When we arrived in Puerto Quijarro we took a taxi directly to the border, the “frontera”. The taxi was supposed to cost €1,20 but the driver doubled the price by telling us it was per person. As we were exhausted we only made a small attempt to complain about this but didnt get anything for that.
Well at the border there was a rather large queue forming. And after consulting a note on the border office for the Bolivian side we could see that the crossing did not open until 08:00, and the time now was 06:50. We stood around and started to converse with the Spanish couple after us in the queue. After the office opened and the queue started to move it became apparent that people were not really respecting it. And it got even worse when the rain started to pour down and the queue was compacted under the small roof.

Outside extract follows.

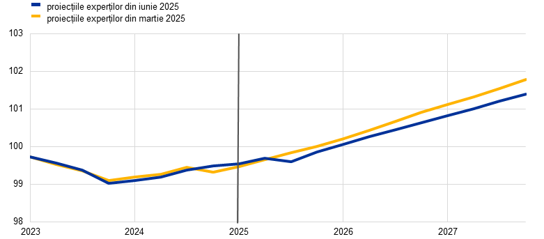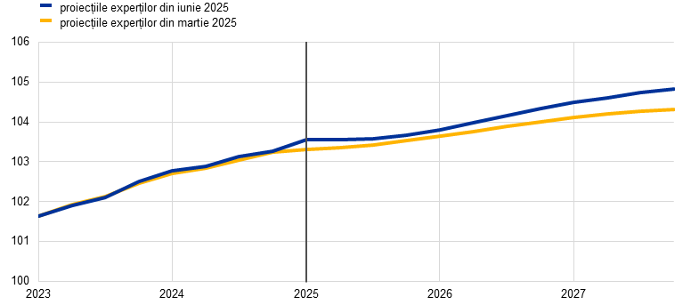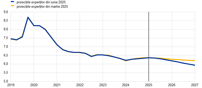 Deși este probabil ca inflația totală, măsurată prin indicele armonizat al prețurilor de consum (IAPC), să se mențină sub nivelul de 2% pe termen scurt, se anticipează revenirea acesteia la nivelul țintei pe termen mediu. Inflația este proiectată să se reducă în cursul anului 2025 și să atingă un nivel minim de 1,4 % în trimestrul I 2026, urmând să revină la 2,0% în 2027. Se consideră că reculul inflației totale pe parcursul anului 2025 va fi parțial determinat de dinamica negativă a prețurilor produselor energetice ca urmare a scăderii recente a cotațiilor petrolului și a prețurilor angro ale gazelor naturale. Potrivit estimărilor, dinamica prețurilor produselor energetice va rămâne negativă până în 2027, când vor intra în vigoare noi măsuri de atenuare a schimbărilor climatice în contextul noii scheme de comercializare a certificatelor de emisii (ETS2). După o creștere temporară în trimestrul II 2025, se previzionează o scădere a dinamicii prețurilor alimentelor în ritmuri ușor peste 2% în 2027. Se anticipează o reducere a inflației IAPC exclusiv produse energetice și alimente (IAPCX), generată de componenta „servicii”, pe măsură ce efectele ajustărilor decalate ale prețurilor unor produse se estompează, presiunile salariale se diminuează, iar impactul prețurilor mai scăzute ale produselor energetice se transmite prin intermediul lanțului de stabilire a prețurilor. Dinamica salarială ar trebui să urmeze în continuare o traiectorie descendentă, pe fondul disipării presiunilor asociate recuperării pierderilor salariale reale înregistrate anterior. Se estimează că aceasta, alături de redresarea dinamicii productivității, va conduce la decelerarea semnificativă a creșterii costurilor unitare cu forța de muncă. Potrivit anticipațiilor, presiunile din surse externe asupra prețurilor, reflectate în prețurile de import, se vor menține moderate, în ipoteza că politicile UE privind tarifele comerciale rămân neschimbate, unele presiuni în sensul scăderii fiind generate de aprecierea euro și de scăderea prețurilor materiilor prime energetice din ultimele luni. Comparativ cu proiecțiile din luna martie 2025, perspectivele inflației IAPC totale sunt revizuite în sens descendent cu 0,3 puncte procentuale atât pentru 2025, cât și pentru 2026, pe seama ipotezelor privind ieftinirea materiilor prime energetice și a aprecierii euro, nefiind revizuite pentru 2027.

The slow family in front of us gave people in the adjacent line perfect opportunities to skip in front of them, and all the others who where in between.
When we finally arrived it was a quick process to get the stamp and go off to the Brazilian side of the crossing. Just 3 hours of queuing later.
We thought that the Brazilian side would be a bit quicker, both since they are more of a developed country and because the Bolivian check should give them a steady flow at a not too high pace. WRONG!
After queuing for 3 hours during which we fended of a lot of people who thought it to be clever to try and skip the line we were approaching the office in which the treasured stamp resides.
Just when we were meters away from the entrance a Bolivian woman shows up in front of us in the queue, apparently her son had waited and saved this place for her, and her baby she had on her back.
Okay, a bit foul play, but okay.
A few minutes later though, her aunt(?) and mother(?) arrives and are supposing they can too stand with her. This is where we, the Spanish couple and most others drew the line. All of them were sent to the end of the line. However the Bolivian lady who had her son keeping the spot went around the office and in through the back door, occupying the border official who where assigned to stamp the passports of Brazilians. This made the wait even longer.
When we finally arrived and we let in through the door we got our stamps in a matter of seconds. The only question we were asked was for how long we planned to stay in Brazil. No proof was required, just an answer to the question. So, 6-7 hours of queuing and 2 minutes in the offices later we had our stamps and were now officially in Brazil again!